Copy out all of the data word for word. Omit every picture.

(PROVIDED DATA)

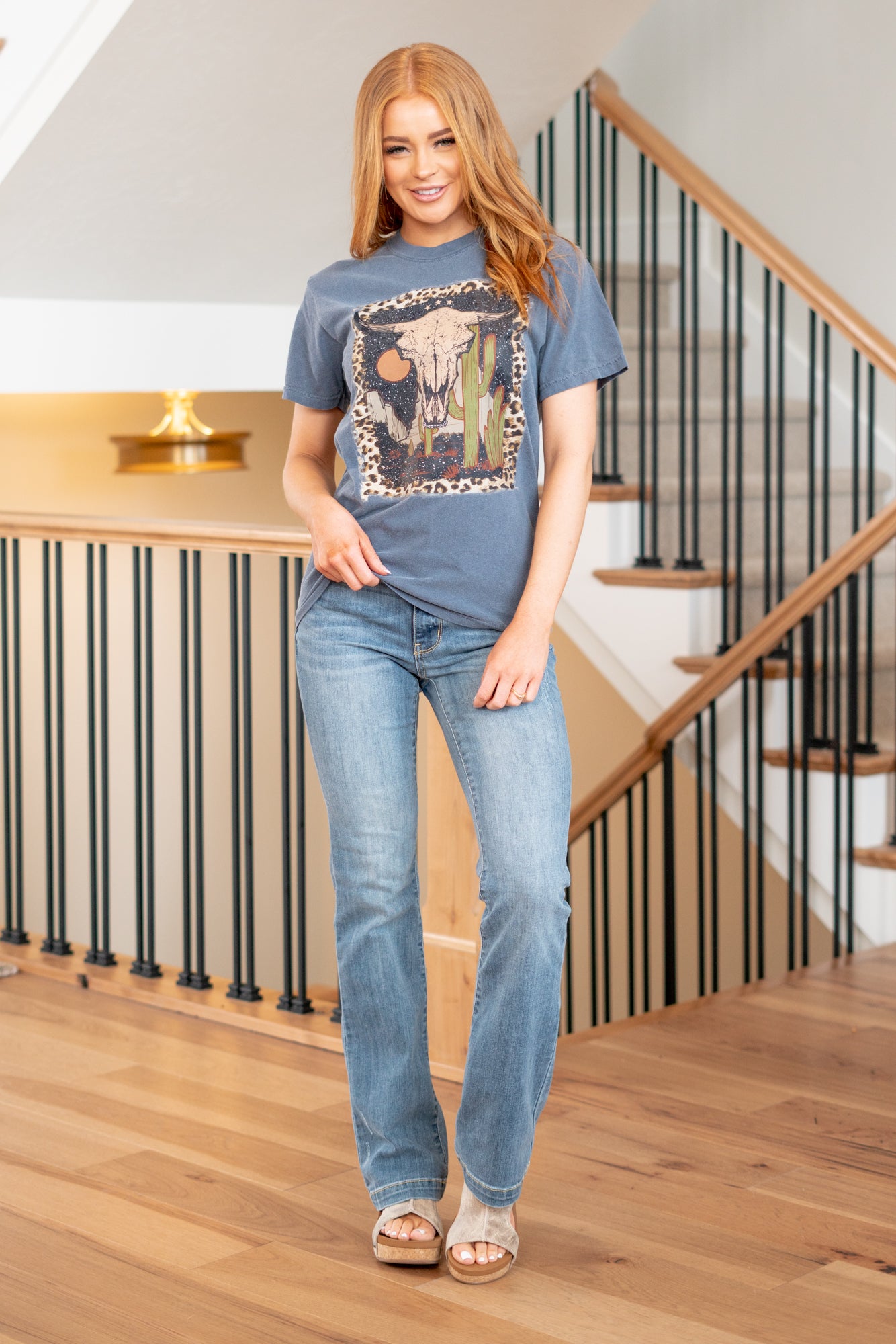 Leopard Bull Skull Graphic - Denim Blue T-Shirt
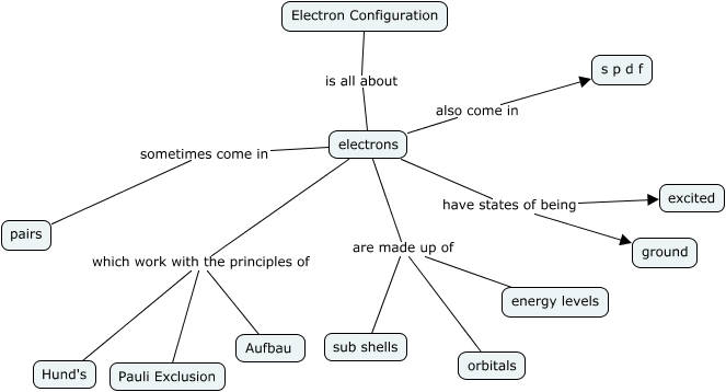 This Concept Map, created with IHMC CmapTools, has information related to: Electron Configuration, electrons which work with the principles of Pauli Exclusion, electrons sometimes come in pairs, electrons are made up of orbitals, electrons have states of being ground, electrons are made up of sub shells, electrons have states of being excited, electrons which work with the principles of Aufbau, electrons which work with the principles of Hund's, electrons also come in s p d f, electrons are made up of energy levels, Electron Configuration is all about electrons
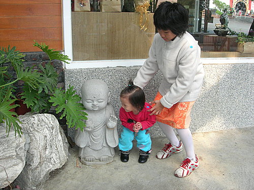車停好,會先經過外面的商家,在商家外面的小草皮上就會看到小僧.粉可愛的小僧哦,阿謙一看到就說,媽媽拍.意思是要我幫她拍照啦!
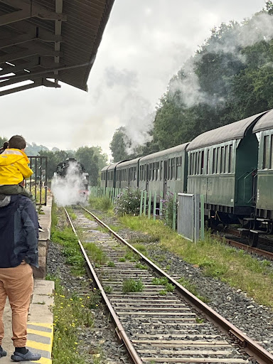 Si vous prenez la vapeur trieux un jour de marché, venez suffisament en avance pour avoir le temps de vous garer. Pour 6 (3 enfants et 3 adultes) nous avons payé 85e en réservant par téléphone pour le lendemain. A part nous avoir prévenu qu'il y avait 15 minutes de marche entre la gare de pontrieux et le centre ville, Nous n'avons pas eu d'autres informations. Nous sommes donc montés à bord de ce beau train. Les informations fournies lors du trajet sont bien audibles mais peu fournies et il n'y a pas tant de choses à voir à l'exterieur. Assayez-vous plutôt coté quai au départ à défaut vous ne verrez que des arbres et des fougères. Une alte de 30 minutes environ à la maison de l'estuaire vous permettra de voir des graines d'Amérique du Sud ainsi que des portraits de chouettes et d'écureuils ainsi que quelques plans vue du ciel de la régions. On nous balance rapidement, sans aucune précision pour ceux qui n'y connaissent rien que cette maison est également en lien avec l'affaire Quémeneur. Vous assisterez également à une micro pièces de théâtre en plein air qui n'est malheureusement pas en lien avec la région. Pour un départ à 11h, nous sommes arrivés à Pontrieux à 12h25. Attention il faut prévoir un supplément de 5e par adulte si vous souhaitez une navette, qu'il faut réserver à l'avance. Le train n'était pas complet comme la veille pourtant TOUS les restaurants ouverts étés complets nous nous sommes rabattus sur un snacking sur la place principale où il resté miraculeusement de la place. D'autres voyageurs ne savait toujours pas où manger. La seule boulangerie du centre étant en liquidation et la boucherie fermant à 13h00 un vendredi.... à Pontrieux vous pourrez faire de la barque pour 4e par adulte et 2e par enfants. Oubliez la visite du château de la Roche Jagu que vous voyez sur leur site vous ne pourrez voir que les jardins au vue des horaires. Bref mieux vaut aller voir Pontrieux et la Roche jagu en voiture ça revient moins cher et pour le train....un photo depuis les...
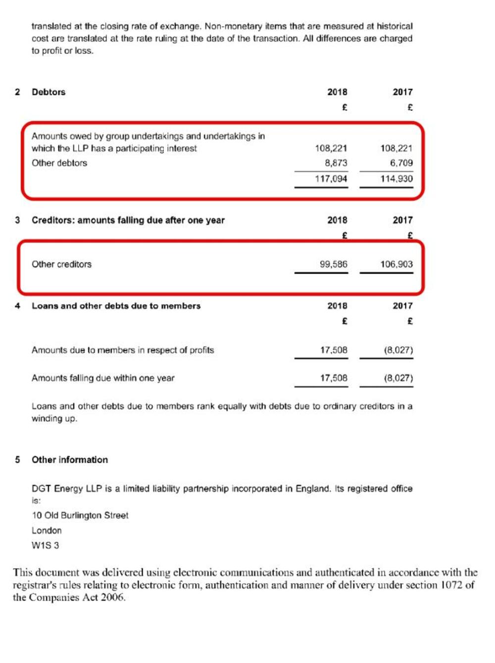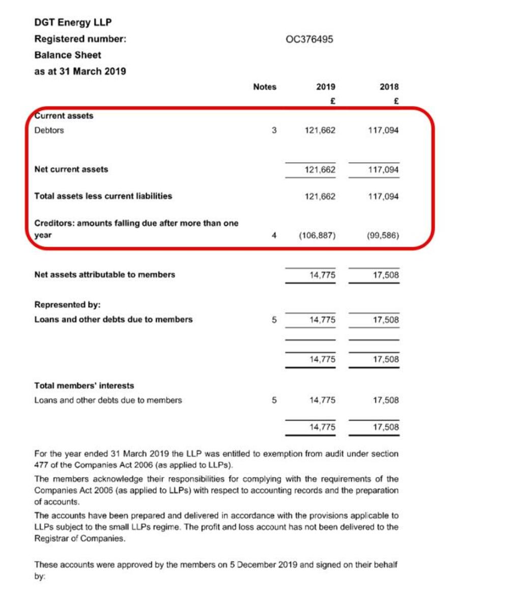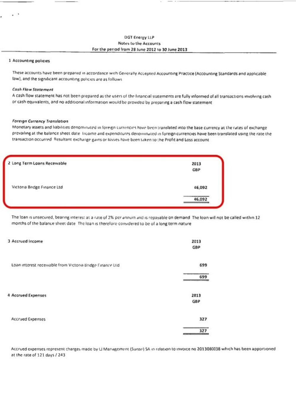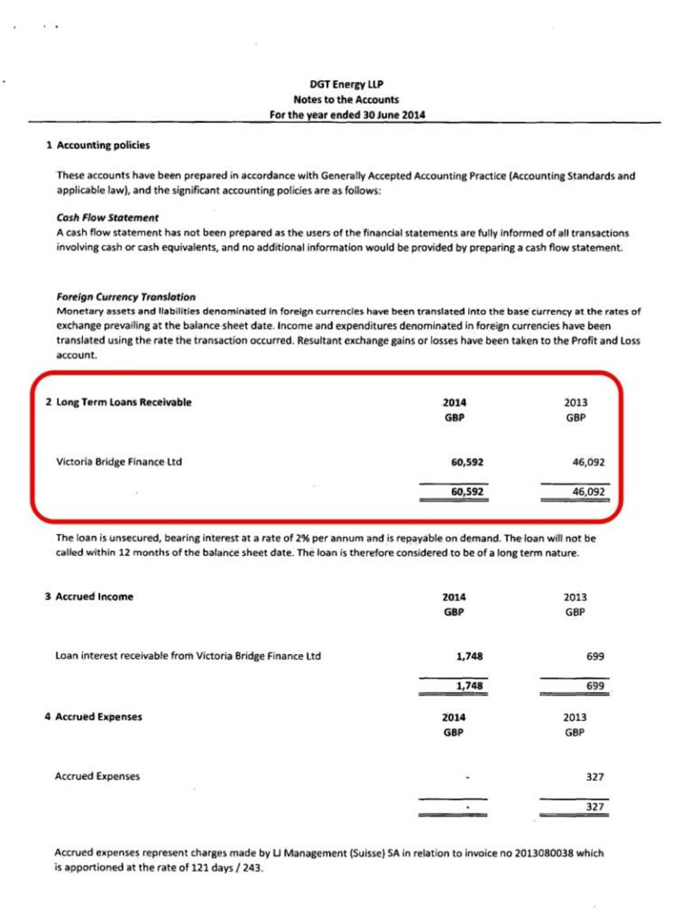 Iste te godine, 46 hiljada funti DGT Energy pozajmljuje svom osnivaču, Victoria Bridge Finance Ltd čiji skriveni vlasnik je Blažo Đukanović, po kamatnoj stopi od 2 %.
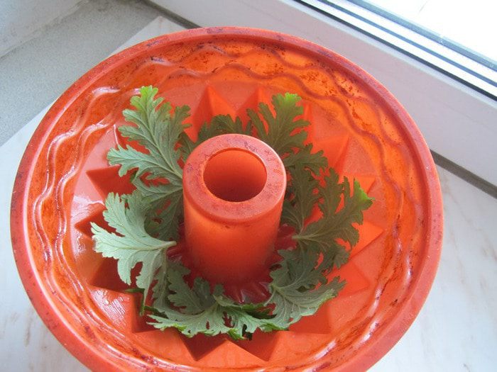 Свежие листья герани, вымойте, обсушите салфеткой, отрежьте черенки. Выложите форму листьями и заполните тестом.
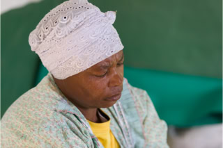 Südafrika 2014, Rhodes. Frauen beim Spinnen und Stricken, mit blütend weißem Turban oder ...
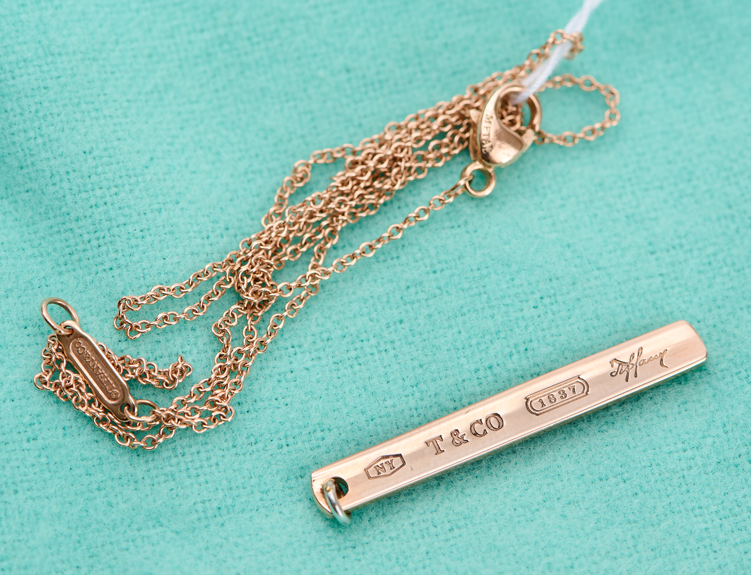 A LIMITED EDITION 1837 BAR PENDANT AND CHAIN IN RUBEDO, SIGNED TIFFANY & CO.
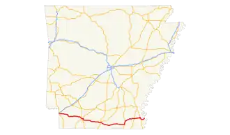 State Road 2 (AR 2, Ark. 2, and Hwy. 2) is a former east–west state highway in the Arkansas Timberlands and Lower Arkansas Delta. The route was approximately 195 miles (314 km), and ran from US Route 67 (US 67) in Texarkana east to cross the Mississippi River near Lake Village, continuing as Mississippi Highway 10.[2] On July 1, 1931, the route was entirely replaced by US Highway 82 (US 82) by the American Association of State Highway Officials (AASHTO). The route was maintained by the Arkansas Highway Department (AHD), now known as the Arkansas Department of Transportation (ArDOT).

(End PROVIDED DATA)

REPLY.
 Leopard Bull Skull Graphic - Denim Blue T-Shirt
 This Concept Map, created with IHMC CmapTools, has information related to: Electron Configuration, electrons which work with the principles of Pauli Exclusion, electrons sometimes come in pairs, electrons are made up of orbitals, electrons have states of being ground, electrons are made up of sub shells, electrons have states of being excited, electrons which work with the principles of Aufbau, electrons which work with the principles of Hund's, electrons also come in s p d f, electrons are made up of energy levels, Electron Configuration is all about electrons
車停好,會先經過外面的商家,在商家外面的小草皮上就會看到小僧.粉可愛的小僧哦,阿謙一看到就說,媽媽拍.意思是要我幫她拍照啦!
 Si vous prenez la vapeur trieux un jour de marché, venez suffisament en avance pour avoir le temps de vous garer. Pour 6 (3 enfants et 3 adultes) nous avons payé 85e en réservant par téléphone pour le lendemain. A part nous avoir prévenu qu'il y avait 15 minutes de marche entre la gare de pontrieux et le centre ville, Nous n'avons pas eu d'autres informations. Nous sommes donc montés à bord de ce beau train. Les informations fournies lors du trajet sont bien audibles mais peu fournies et il n'y a pas tant de choses à voir à l'exterieur. Assayez-vous plutôt coté quai au départ à défaut vous ne verrez que des arbres et des fougères. Une alte de 30 minutes environ à la maison de l'estuaire vous permettra de voir des graines d'Amérique du Sud ainsi que des portraits de chouettes et d'écureuils ainsi que quelques plans vue du ciel de la régions. On nous balance rapidement, sans aucune précision pour ceux qui n'y connaissent rien que cette maison est également en lien avec l'affaire Quémeneur. Vous assisterez également à une micro pièces de théâtre en plein air qui n'est malheureusement pas en lien avec la région. Pour un départ à 11h, nous sommes arrivés à Pontrieux à 12h25. Attention il faut prévoir un supplément de 5e par adulte si vous souhaitez une navette, qu'il faut réserver à l'avance. Le train n'était pas complet comme la veille pourtant TOUS les restaurants ouverts étés complets nous nous sommes rabattus sur un snacking sur la place principale où il resté miraculeusement de la place. D'autres voyageurs ne savait toujours pas où manger. La seule boulangerie du centre étant en liquidation et la boucherie fermant à 13h00 un vendredi.... à Pontrieux vous pourrez faire de la barque pour 4e par adulte et 2e par enfants. Oubliez la visite du château de la Roche Jagu que vous voyez sur leur site vous ne pourrez voir que les jardins au vue des horaires. Bref mieux vaut aller voir Pontrieux et la Roche jagu en voiture ça revient moins cher et pour le train....un photo depuis les...
 Iste te godine, 46 hiljada funti DGT Energy pozajmljuje svom osnivaču, Victoria Bridge Finance Ltd čiji skriveni vlasnik je Blažo Đukanović, po kamatnoj stopi od 2 %.
 Свежие листья герани, вымойте, обсушите салфеткой, отрежьте черенки. Выложите форму листьями и заполните тестом.
 Südafrika 2014, Rhodes. Frauen beim Spinnen und Stricken, mit blütend weißem Turban oder ...
 A LIMITED EDITION 1837 BAR PENDANT AND CHAIN IN RUBEDO, SIGNED TIFFANY & CO.
 State Road 2 (AR 2, Ark. 2, and Hwy. 2) is a former east–west state highway in the Arkansas Timberlands and Lower Arkansas Delta. The route was approximately 195 miles (314 km), and ran from US Route 67 (US 67) in Texarkana east to cross the Mississippi River near Lake Village, continuing as Mississippi Highway 10.[2] On July 1, 1931, the route was entirely replaced by US Highway 82 (US 82) by the American Association of State Highway Officials (AASHTO). The route was maintained by the Arkansas Highway Department (AHD), now known as the Arkansas Department of Transportation (ArDOT).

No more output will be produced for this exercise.